Multimodal predictors of functional and cognitive decline in relapsing-remitting multiple sclerosis

The underlying mechanisms for neurodegeneration in multiple sclerosis are complex and incompletely understood. Multivariate and multimodal investigations integrating demographic, clinical, multi-omics, and neuroimaging data provide opportunities for nuanced analyses, aimed to define disease progression markers. We used data from a 12-year longitudinal cohort of 88 people with multiple sclerosis, to test the predictive value of multi-omics, MRI, clinical examinations, self-reports on quality of life, demographics, and general health-related variables for future functional and cognitive disability. Progressive functional loss beyond an Expanded Disability Status Scale score≥4 was used to define a functional loss group. A cognitive decline group was defined by a ≥25% decrease from the maximum (cognitive) Paced Auditory Serial Addition Test score. We used a multiverse approach to identify which baseline variables were most predictive for functional and cognitive loss group memberships, independent of analysis bias.

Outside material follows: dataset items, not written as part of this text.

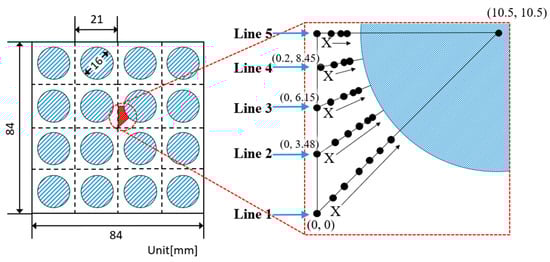 The total length of the rod bundles was 590 mm. The diameter, pitch, and hydraulic diameter are 16, 21, and 14.02 mm, respectively. The cross-sectional area through which the coolant flows is approximately 0.00401 m². The experimentally measured data on Lines 1–5 comparing the numerical analysis results at the cross-section of 580 mm in height are shown in Figure 2.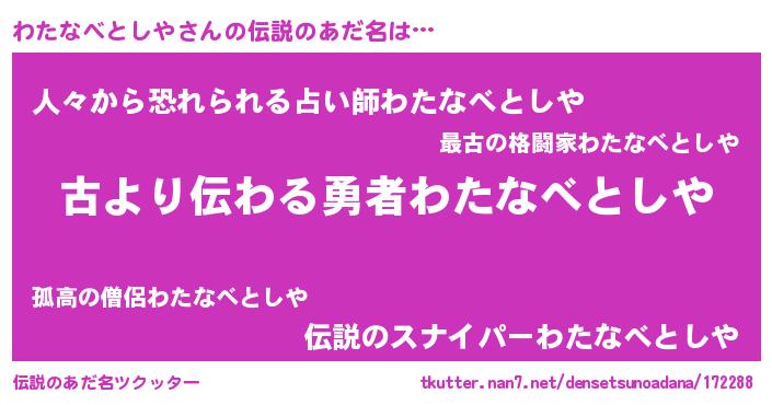 | ヒーロー風カッコイイあだ名 | 『仮面ワタダー』『ネオワタナベトシヤ』 |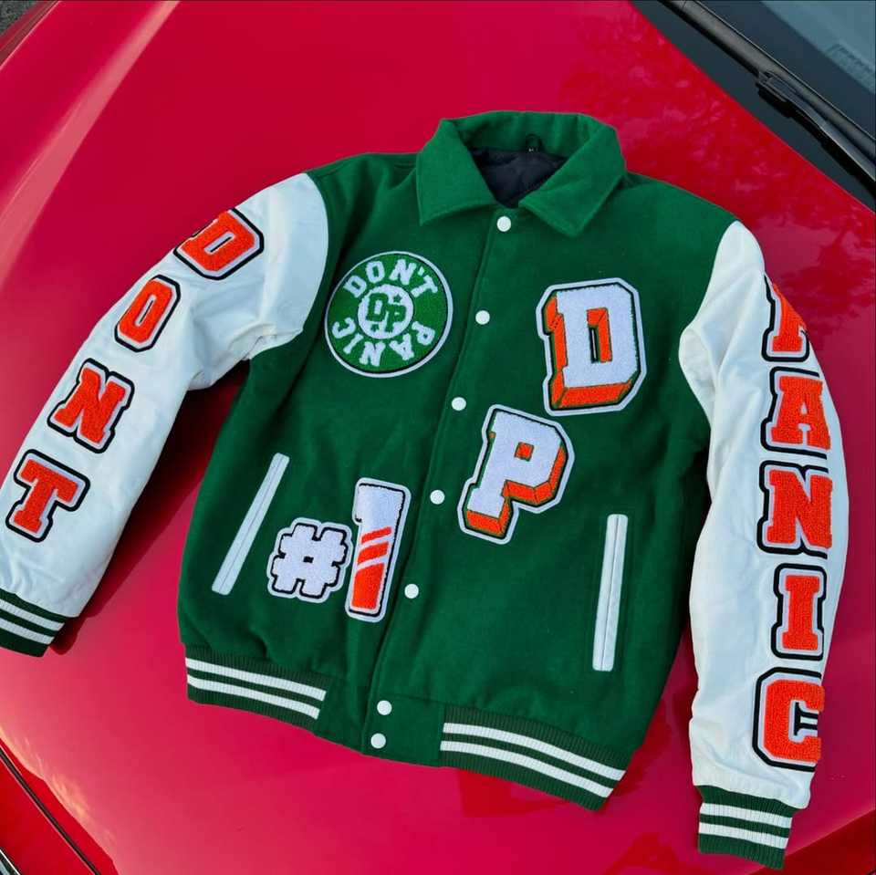 Palabras clave:Chaqueta tipo letterman con mangas de cuero.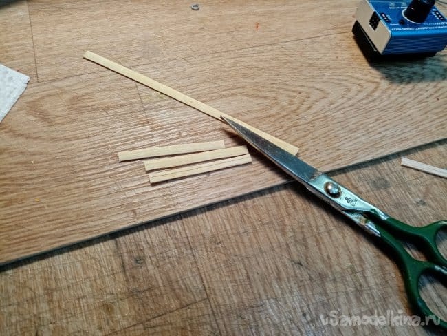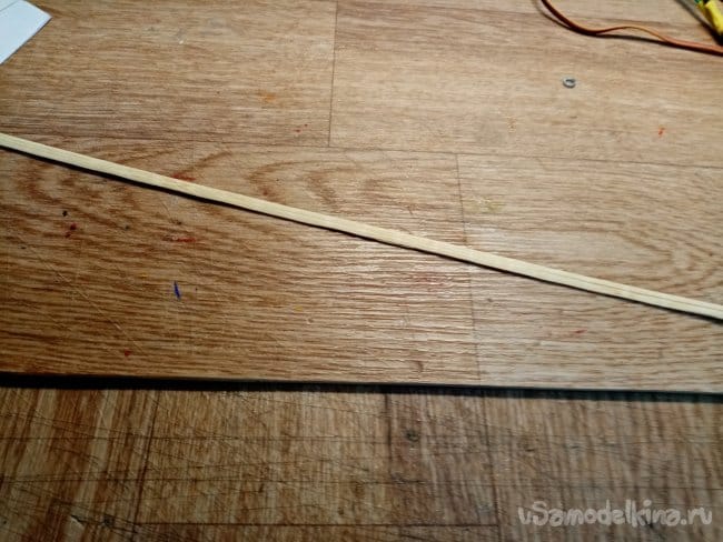 Из бамбуковой пластинки вырезаю грузик с запасом. В процессе настройки можно будет немного отрезать. Все резы выполняю обычными ножницами.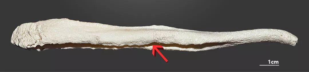食肉目犬科的比利牛斯山犬(亦称大白熊犬)的阴茎骨,箭头所指位置为尿道沟。图片:Didier Descouens / museum.toulouse.fr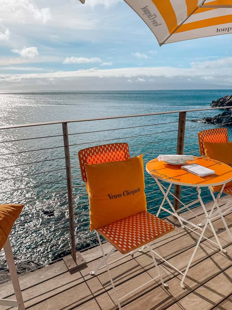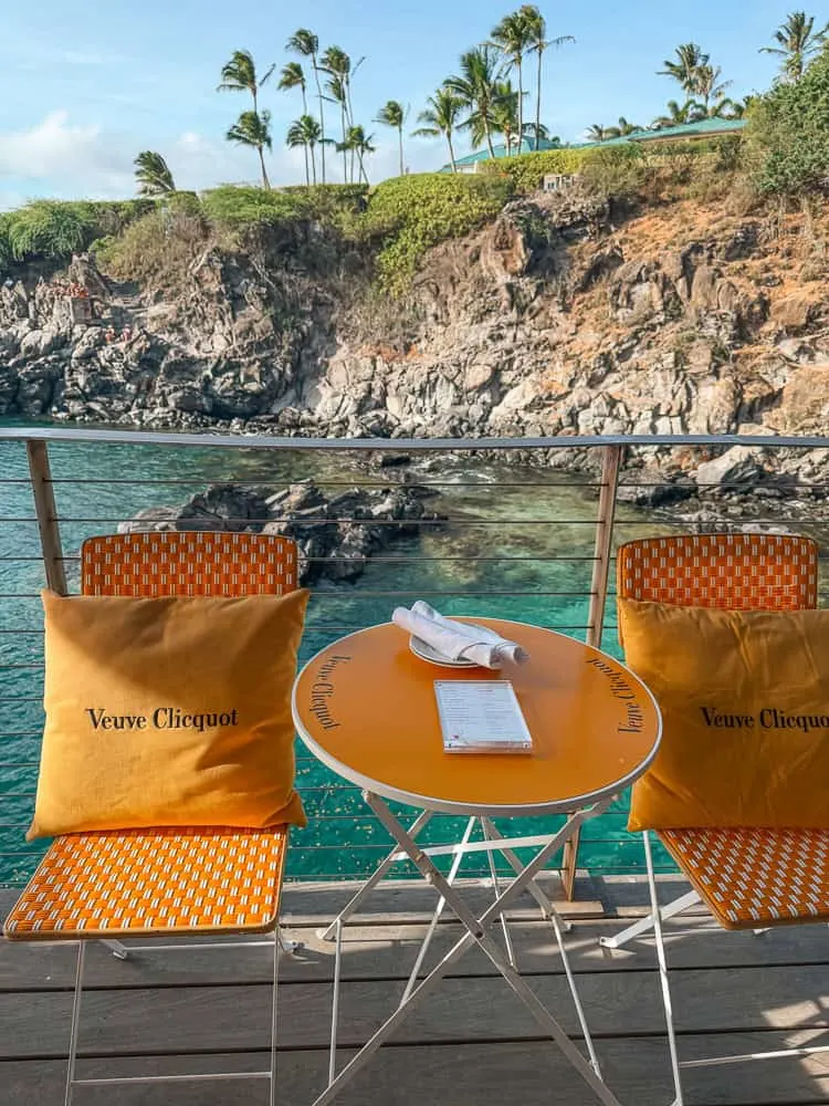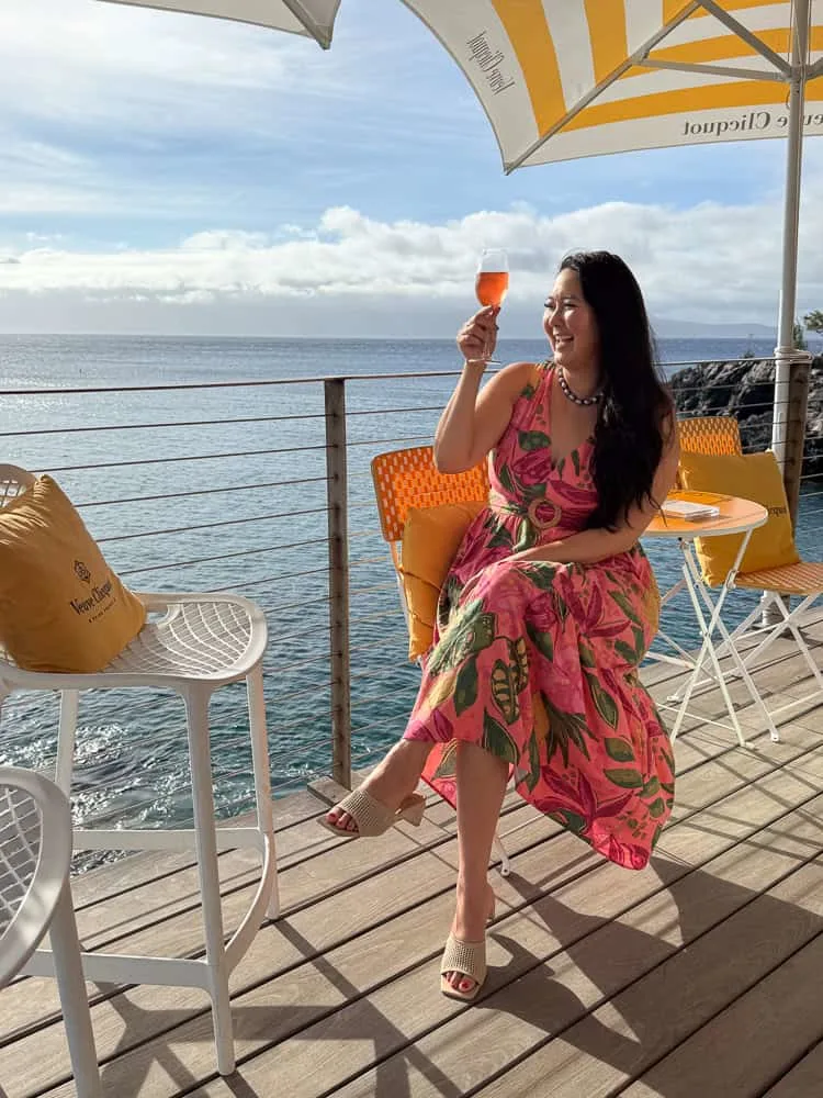 Another must-do is the Champagne Hale at Cliff House, the Montage’s exclusive Veuve Clicquot champagne bar. Perched on the cliffs overlooking Kapalua Bay, it’s the ultimate spot to watch the sunset while sipping bubbly and enjoying light bites. The vibe is upscale yet relaxed, with breathtaking panoramic views of the ocean and Moloka‘i in the distance. It’s the kind of experience that makes you stop, soak it all in, and feel completely spoiled in paradise.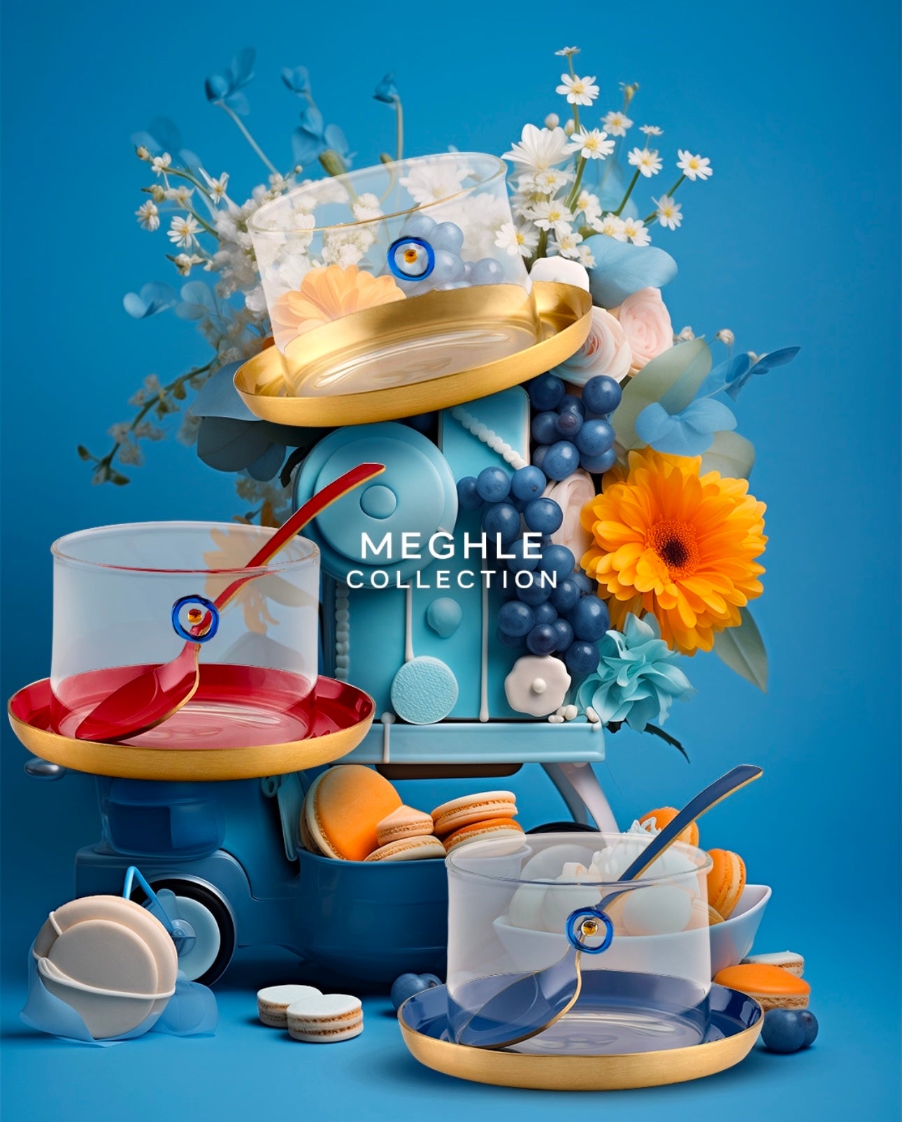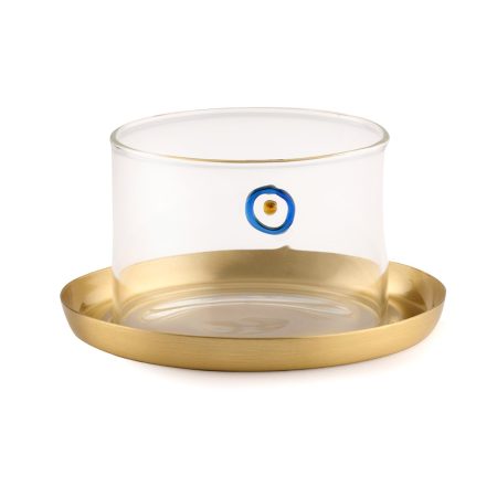 Our Blue Eye Dessert Bowl with Gold Brass Saucer set enhances your dining table with elegance and luxury. This exquisite collection is perfect for serving a delightful range of desserts, from creamy ice cream and fresh fruit salad to traditional Lebanese specialties like Meghle.

We identified several factors predicting an increased risk of future functional loss (FLG) and cognitive decline groups (CDG) within the next 12 years from baseline: functional score (0-10, median Odds Ratio per baseline unit increase [mORFLG=2.15±0.51; mORCDG=2.46±1.60]), cognitive scores (1-60 [mORFLG=0.98±0.03; mORCDG=0.91±0.06]), the number of previous relapses [mORFLG=1.56±0.26; mORCDG=1.44±0.60], serum vitamin A levels (umol/l [mORFLG=0.92±0.06; mORCDG=0.33±0.36]), self-reported mental health (1-100 [mORFLG=0.96±0.02; mORCDG=0.91±0.09]) and physical functioning (1-100 [mORFLG=0.99±0.01; mORCDG=0.97±0.03]). Our results suggest that clinical assessment of physical function and cognition, self-reported mental health, and potentially vitamin A levels are the best predictors for risk-group stratifications of people with MS at baseline. While these findings are promising, we also want to underscore the observed analysis-choice induced variability which necessitates both an increase in transparency when reporting study findings as well as strategies which are robust to the many researcher degrees of freedom.